Study Guide

Into Thin Air Bottled Oxygen

By Jon Krakauer

Bottled Oxygen

In Into Thin Air, bottled oxygen represents the way that technology makes climbing Mount Everest a much easier proposition. The only question is whether this is a good thing.

First we have the pro-O2 camp. Although "relying on bottled oxygen […] is a practice that's sparked acrimonious debate ever since […] 1921" (11.28), these folks will tell you (rightfully, we might add) that the first ascent of the mountain in 1953 would have been impossible if not for the help of good old O2. In this perspective, bottled oxygen is just another tool in a climber's repertoire; it's simply a means to an end.

Then we have the die-hard purists.
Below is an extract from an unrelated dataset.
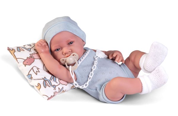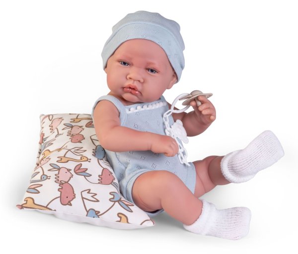 Ručně vyrobená realistická španělská panenka - miminko new born s celovinylovým tělem a realistickým vyobrazením různých miminkovských faldíků a detailů včetně pohlaví. Panenka je vyrobená ze speciálního měkčeného vinylu, velmi příjemného na dotek. Miminko lze koupat, ale je potřeba dát pozor, aby se nenamočily řasy. Odlepené řasy nejsou pak důvodem k reklamaci. Oblečení některých panenek bylo vyrobeno z organické bavlny, která zaručuje výrobu z ručně sbírané, ekologicky bez chemického ošetření pěstované bavlny. Firma Antonio Juan klade velký důraz na ekologii a proto jako první využívá v tomto odvětví zmíněnou bavlnu. Velikost 42 cm. Baleno v dárkové krabici. Doporučený věk od 3 let.

This bunch looks to Reinhold Messner and Peter Habeler for inspiration: Messner and Habeler reached the top of Everest without bottled oxygen in 1978, which was "hailed by climbers in some circles as the first true ascent of Everest" (11.30). These purists argue that bottled oxygen only encourages lesser-skilled climbers to take a shot at Everest, which makes things more dangerous for everyone.

It's kind of hard to argue with that perspective given the events of Into Thin Air. Even Krakauer lends credence to the idea, suggesting "the simplest way to reduce future carnage would be to ban bottled oxygen except for emergency medical use" (21.28). On the other hand, there are plenty of climbers in the book (Krakauer included) who climb both responsibly and skillfully, despite using bottled oxygen.

Which leaves us with one question: What do you think?